You can already get SXM2 adapters and external boards that run to PCI-E X16 slots.

I wouldn’t say it’s the smartest way to blow a thousand dollars, but you can add a few of the older, like, 2019 models to a computer for about a thousand dollars already.

SXM4, I believe, has also been cracked, but it’s a lot more expensive, and I’m sure SXM5 will not be too far behind. The main difference between the PCI-E and SXM models as far as I’m aware, other than their interconnect and the built-in tethering between the multiple GPUs, is that they are able to run on 48 volt power, which means that the amperage running through the wires is much lower, and you’re less likely to cause everything to burst into flames randomly.

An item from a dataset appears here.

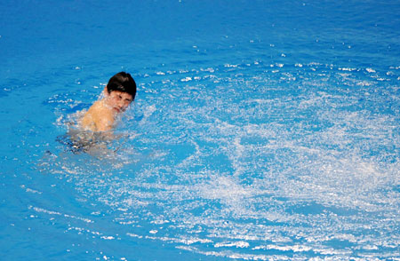 A 12-year-old diver swims to the surface of the pool after his last diving at the 2008 National Diving Championships in Hefei of East China's Anhui Province March 20, 2008. Many young diving hopefuls aged 12 or 13 shined in the Championships. [Xinhua]

jj4211@lemmy.world · 6 hours ago

Yes, they connect by PCIe and thus the physical mismatch may be overcome, but they also are now drawing 15kw. More wattage than any circuit in my residential breaker box can handle.

Even if you did, there’s not even a whiff of driving circuitry for a video port, so your only application would be local models, and if the bubble bursts, well that would seem to indicate that use case would be not that popular.

No I would expect that these systems get rented out of sold to supercomputer concerns for super cheap if a bubble pop should occur.